Addressing the DOJ’s effort to prevent Google from including Gemini in future exclusive distribution agreements, Schmidtlein said that Gemini was not the subject of the antitrust case and the company does not hold a monopoly on AI products.
There is still a lot of trial and a lot of negotiations left, but as it stands the two sides are far apart. Google, which plans to appeal the case in its entirety, thinks all will be fair as long as it’s easier to pick your own search engine. The government doesn’t believe that Google can be allowed in its present form. Judge Mehta, who asked a number of questions about the precedent for some of these requests, seems to be continually calibrating his own tolerance for sweeping change. If there’s an easy way to arrive at some middle ground that works for everybody, it hasn’t come up in court.
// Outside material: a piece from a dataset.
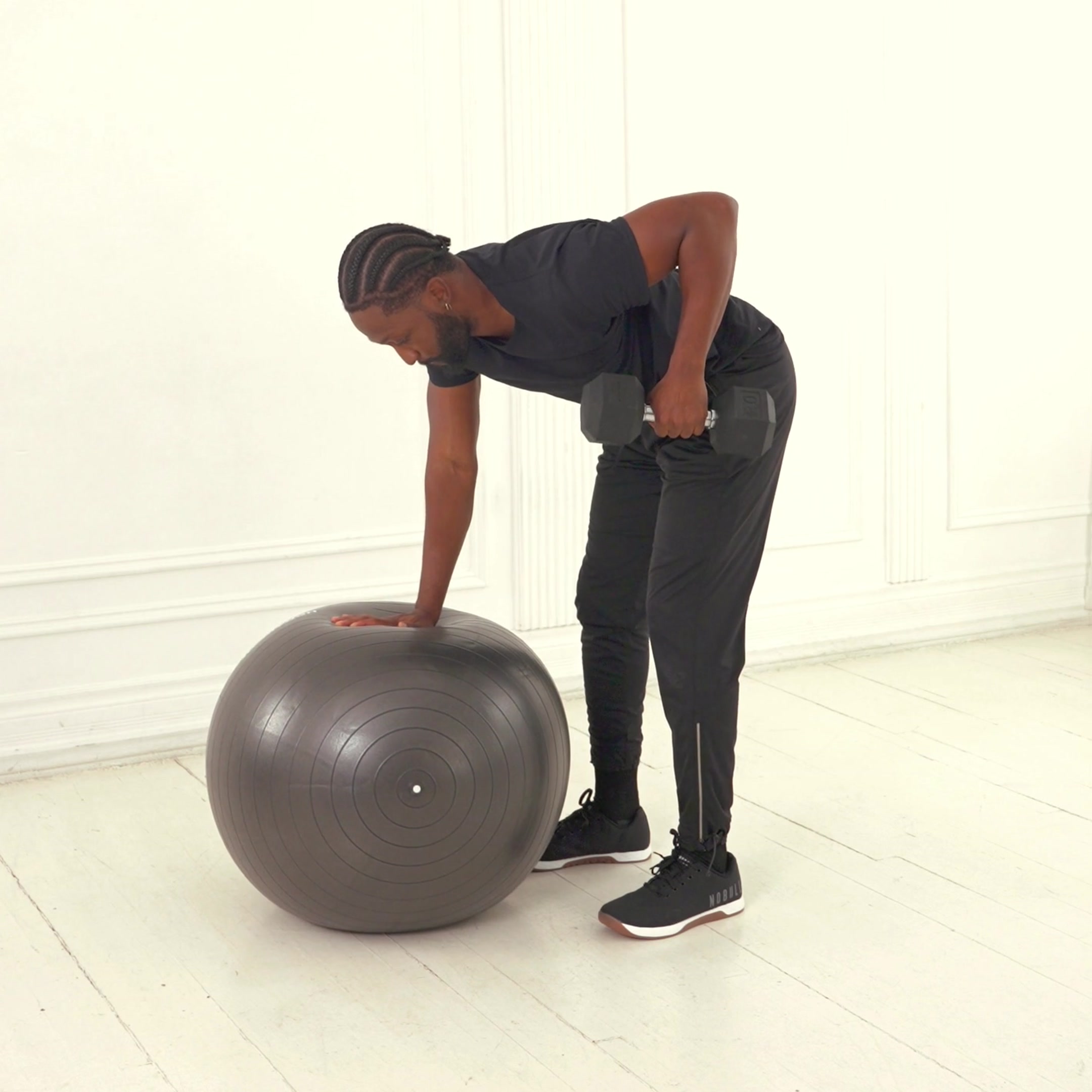 Place one knee and the same-side hand on a flat bench to support your torso. Plant the opposite foot firmly on the floor and hold a dumbbell in the free hand with the arm fully extended.

During the trial, the market came up occasionally, but now it seems like it’s front and center for both sides. The DOJ’s proposed remedies are so severe, Dahlquist argued, because “Google is using the same strategy they did for search, and applying it to Gemini.” He was careful to say he doesn’t think the search market is competitive, and that the rise ofchatGP will not convince the court that the search market is competitive.
Near the beginning of his opening arguments, David Dahlquist, a lawyer for the US Department of Justice, showed a slide that he described as Google’s “vicious cycle.” It goes like this, in that it pays huge sums of money to be the default search engine, thus it can get more queries, better data, and make more money, and it can afford more defaults. Google doesn’t really disagree with this assessment — but in it’s telling, that’s a virtuous cycle. It is described as the virtuous cycle that makes search so powerful. Google believes it’s created a perfect system; the DOJ thinks it’s a nightmare. A judge will make the final call.